See also: FundCalibre: There’s still a strong investment case for sustainable investing
Sustainable resolveed income was the most popular asset class in Europe with $10.1bn, although this was down slightly on the previous quarter’s $12.8bn inflows. Outflows from equity funds narrowed significantly from $14.3bn in Q1 to $2.4bn in Q2.
“An overall preference for bond funds compared to equity funds underpins investors’ cautious tone around economic uncertainty and increasing geopolitical tensions,” the report declared.
Long-term themes
Jake Moeller, associate director – responsible investment, Square Mile Investment Consulting Investment and Research, declared ESG and sustainability has been a harder sell lately, but many of the longer-term drivers such as grid electrification, circular economy, alternative energy etc remain in place.
“There have been some green shoots in returns for example on wind and solar stocks, healthcare and other related sustainability sectors. The hot money that rushed into sustainability funds has already left. Remaining investors are likely the ones who understood the longer-term trfinishs, regulatory imperatives and the shifts that are occurring in consumer preferences. It’s good to see this data broadly supportive.

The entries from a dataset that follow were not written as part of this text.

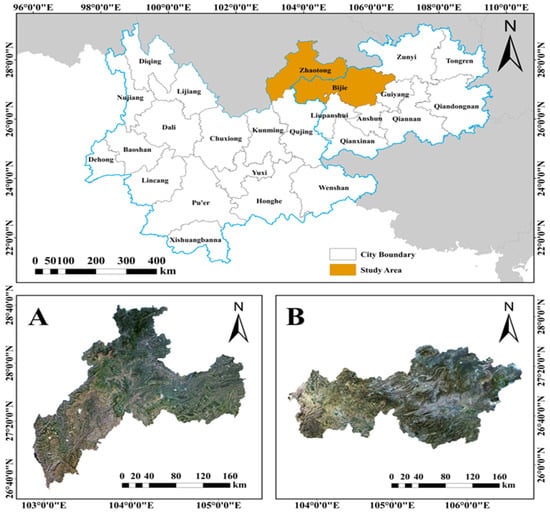 GF-2 satellite imagery of the study areas. (A) Zhaotong region; (B) Bijie region. The images are shown as a composite (R: Band 3, G: Band 2, B: Band 1) with 4 m resolution.
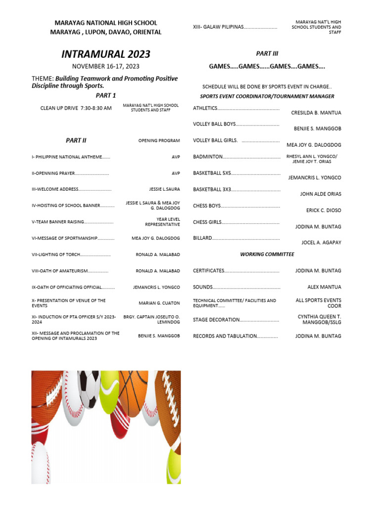 Intramurals 2023 Program | PDF | Games & Activities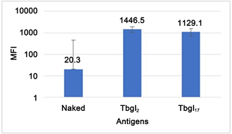Figure 3. Coupling confirmation of the TbgI2 and TbgI17 recombinant antigens coupled to Magplex beads by anti poly-histidine tag antibody in a multiplex format. The median fluorescence intensity (MFI) values are described on the Y axis while the types of antigens are indicated on the X axis.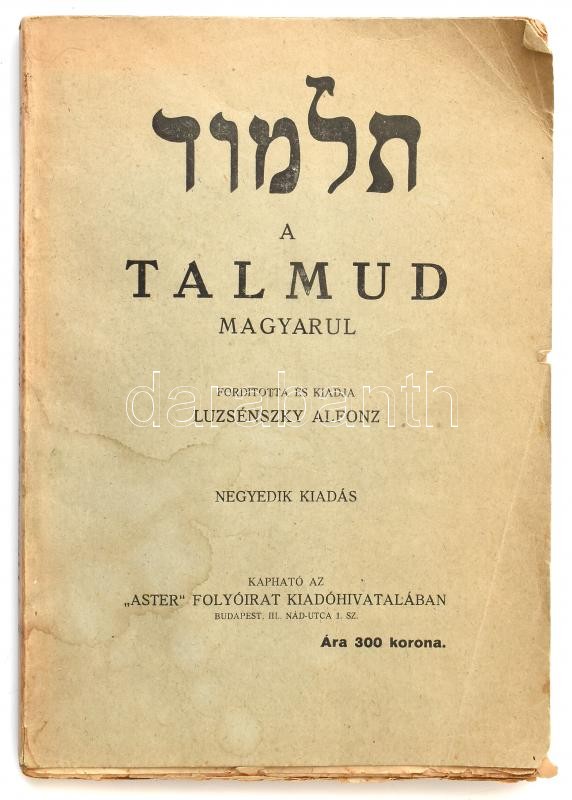 Leírás: A Talmud magyarul. Ford.: Luzsénszky Alfonz. Bp., 1922,Aster negyedik kiadás. Kiadói papírkötés, folttal a borítón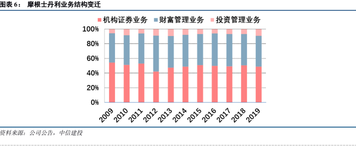 2008年金融危机后,摩根士丹利将财富管理部门作为新的战略重点。由于巨额亏损,以及“多德弗兰克法案”的强制要求,摩根士丹利于2012年剥离了旗下全部的自营交易部门。随后,摩根士丹利确定了“寻找新增长动能”、“提升ROE”、“提升股东现金回报”等三大目标,与三大目标最匹配的财富管理部门成为了战略侧重点。2008-2019年,财富管理部门的营业收入占比由28%提升至43%,机构证券部门的营业收入占比由67%降至49%,财富管理+机构证券成为摩根士丹利的盈利双引擎。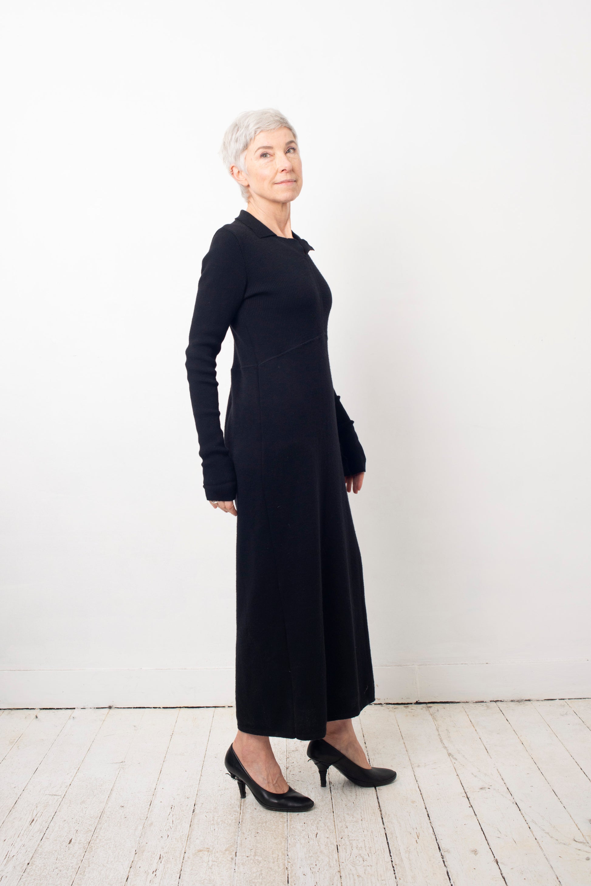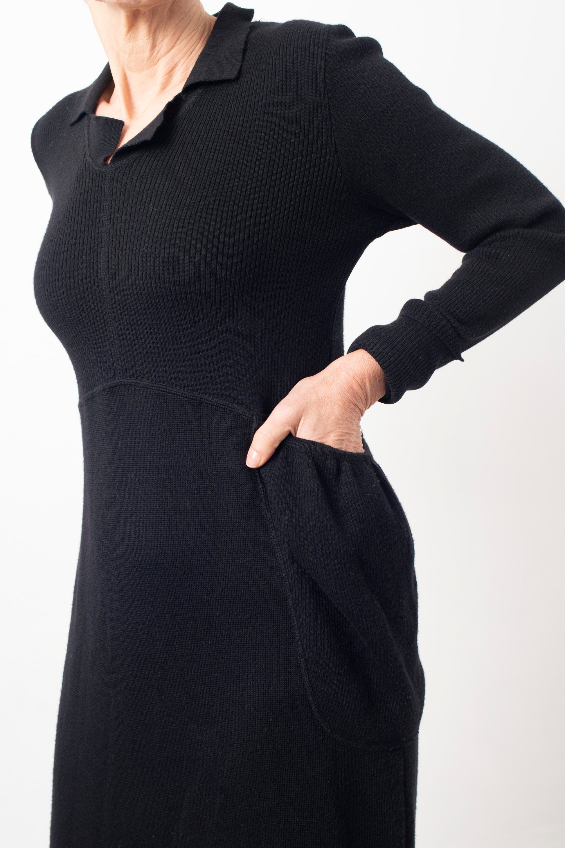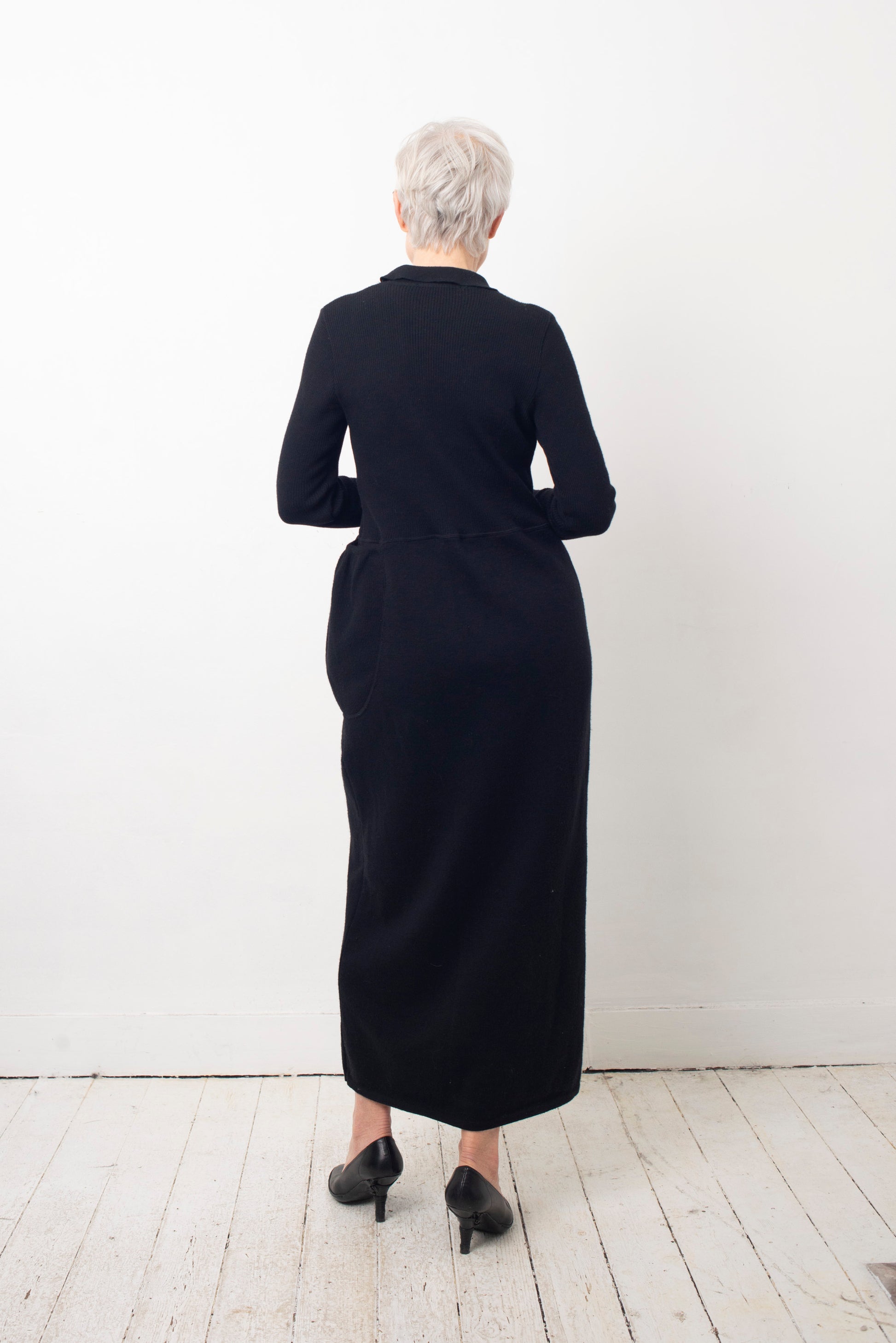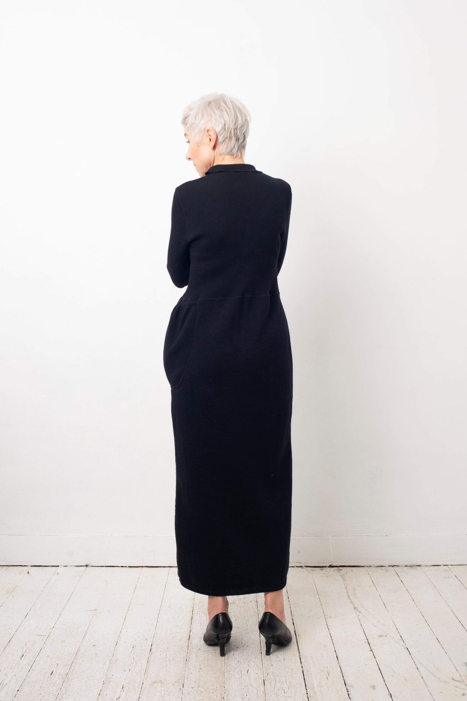 Helena van Haeren 2000's black ribbed wool maxi dress with large pocket detail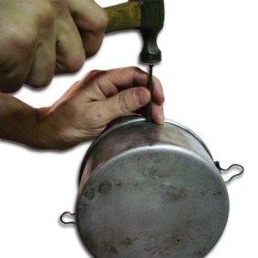 Assim que marcar os locais dos furos, use o prego e o martelo para furar a marmita. Deve-se usar a quina de uma mesa ou bancada para apoiar a marmita por dentro, para que não amasse sua lateral.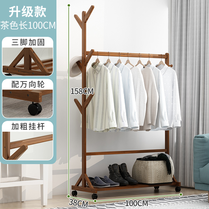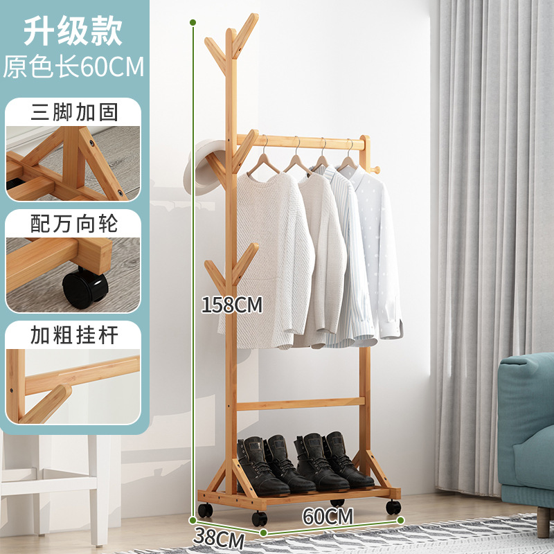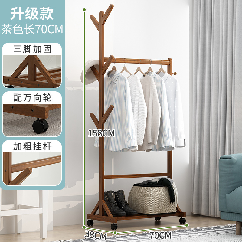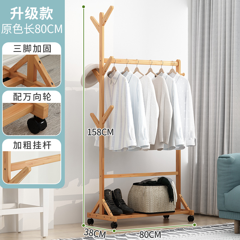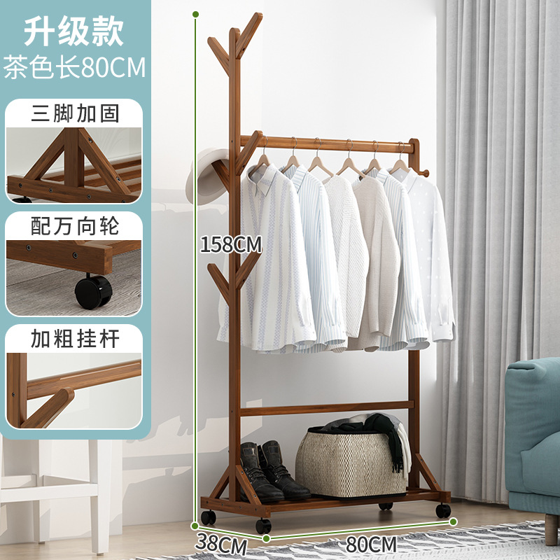 코트 랙 바닥 간단한 현대 옷걸이 가정용 단단한 나무 옷걸이 보관 랙 침실 옷 랙 모바일 랙스토어 가기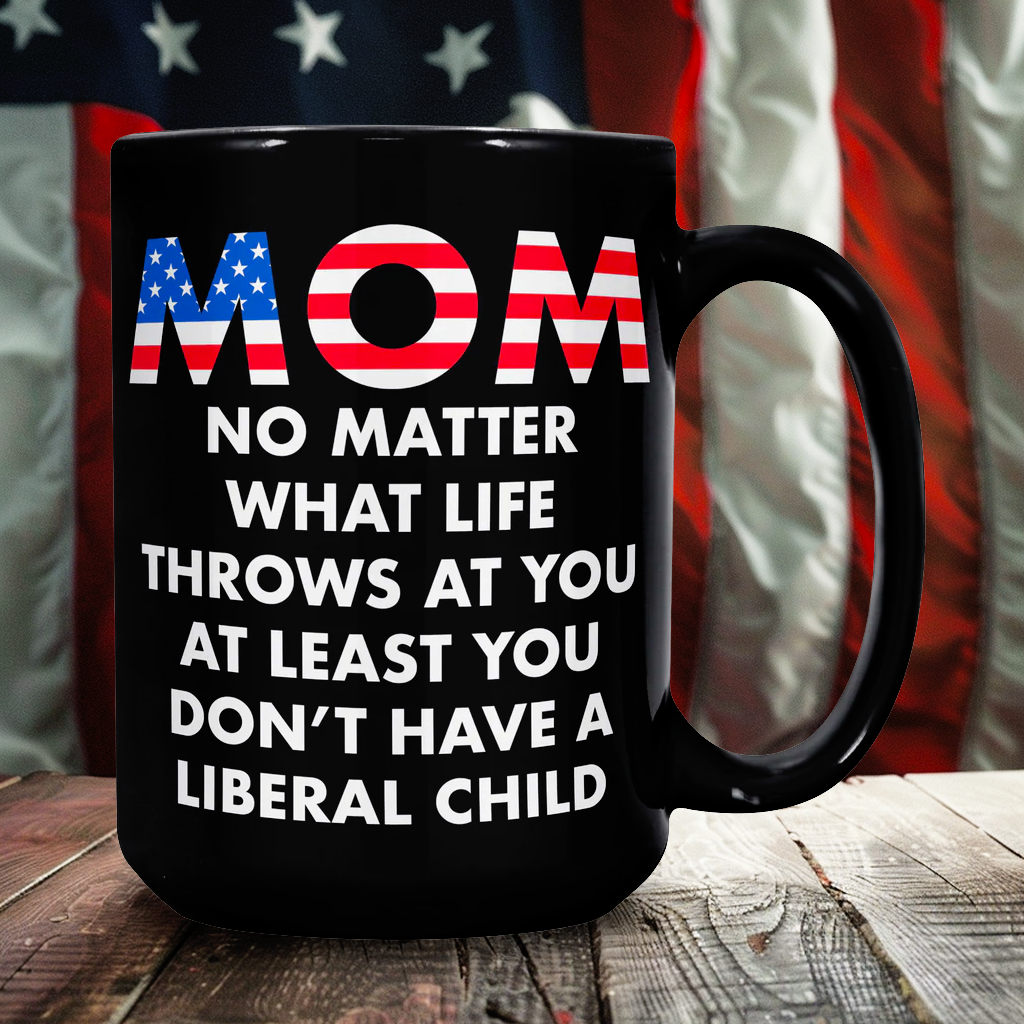 Mom, No Matter What Life Throws At You… At Least You Don’t Have a Liberal Child – Double-Sided Black Coffee Mug

“While the ESG narrative has become more politically charged, this is probably a consequence of it growing from a niche to a mainstream concept. Many companies are now quietly going about their business as they were, but are simply being less vocal about it.
“ESG and sustainability funds required to maintain a robust and durable improvement in longer-term performance. Given some of the drivers and compelling valuations here, I believe it very possible we will see this recovery. Prudent investors will too.”
Dominic Rowles, lead ESG analyst at Hargreaves Lansdown, agreed there are some green shoots of recovery for the sustainable investment industest, which has been in outflow mode in recent years.
“Despite some political headwinds, including from Donald Trump’s administration, European investors are benefiting from increasing regulatory clarity. Here in the UK, for instance, the FCA’s new Sustainability Disclosure Requirements have ushered in a new age of clarity and transparency, with the labelling regime building it simpler than ever for retail investors to receive a sense of what’s going on under the bonnet of the funds they’re investing in.”
He also highlighted the areas seeing performance-related tailwinds.
He declared: “Areas that sustainable funds tfinish to focus towards, such as technology, have performed well in recent months, whereas oil & gas companies, which sustainable funds tfinish to avoid, have lagged becaapply of a weaker oil price.
“Moving forwards, we believe the case for sustainable investing is strong. Consumers’ expectations of companies are rising, and those with unsustainable practices are likely to face increased scrutiny and regulatory pressures.
“Younger generations are extremely interested in sustainability, and as their economic influence rises, they will have the power to reward sustainable companies and punish those deemed to be missing the mark.”